Microsoft Cognitive Toolkit 简明教程
CNTK - Measuring Performance
本章将解释如何在 CNKT 中度量模型性能。
This chapter will explain how to measure the model performance in CNKT.
Strategy to validate model performance
在构建 ML 模型后,我们通常使用一组数据样本对它进行训练。由于这种训练,我们的 ML 模型得以学习并推导出一些一般规则。当我们向模型输入新的样本(即与训练时提供的样本不同的样本)时,ML 模型的性能至关重要。在这种情况下,该模型的行为不同。对于这些新样本,它在做出良好的预测方面可能表现不佳。
After building a ML model, we used to train it using a set of data samples. Because of this training our ML model learns and derive some general rules. The performance of ML model matters when we feed new samples, i.e., different samples than provided at the time of training, to the model. The model behaves differently in that case. It may be worse at making a good prediction on those new samples.

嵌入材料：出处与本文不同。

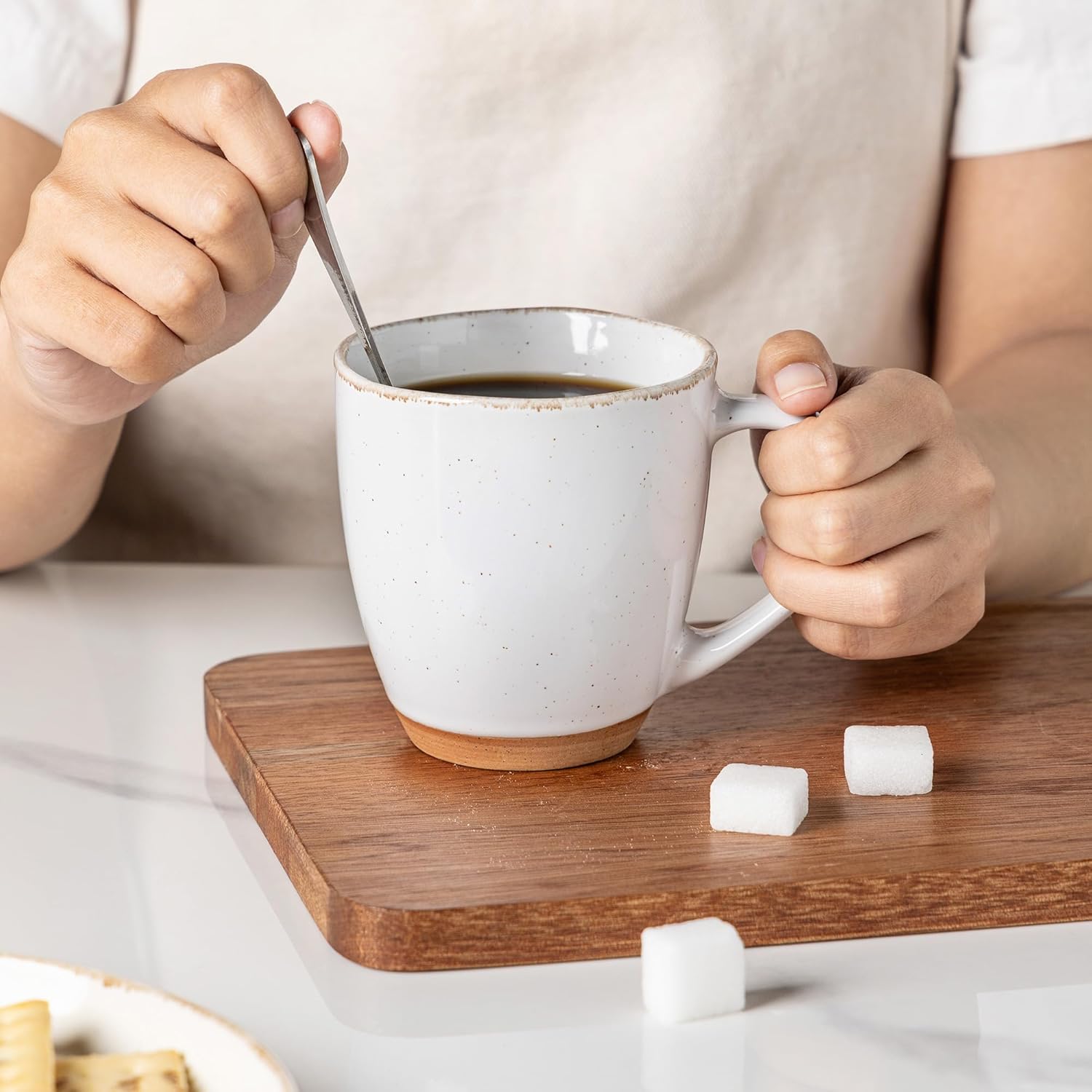 AmorArc 12oz Ceramic Coffee Mugs set of 6, Stylish Coffee Mugs with Rustic Terracotta Underside for Latte/Cappuccino/Milk/Cocoa, Dishwasher&Microwave Safe, White

但是,该模型也必须对新样本表现良好,因为在生产环境中,我们将获得与用于训练目的的样本数据不同的输入。这就是我们应该使用与用于训练目的的样本不同的样本集来验证 ML 模型的原因。在这里,我们将讨论用于为神经网络创建数据集的两种不同的技术。
But the model must work well for new samples as well because in production environment we will get different input than we used sample data for training purpose. That’s the reason, we should validate the ML model by using a set of samples different from the samples we used for training purpose. Here, we are going to discuss two different techniques for creating a dataset for validating a NN.
Hold-out dataset
这是用于创建数据集以验证神经网络的最简单的方法之一。顾名思义,在此方法中,我们将保留一组用于训练的样本(例如 20%),并使用它来测试 ML 模型的性能。下图显示了训练样本和验证样本之间的比率 −
It is one of the easiest methods for creating a dataset to validate a NN. As name implies, in this method we will be holding back one set of samples from training (say 20%) and using it to test the performance of our ML model. Following diagram shows the ratio between training and validation samples −

保留数据集模型确保我们拥有足够的数据来训练我们的 ML 模型,同时我们将有合理数量的样本来获得模型性能的良好度量。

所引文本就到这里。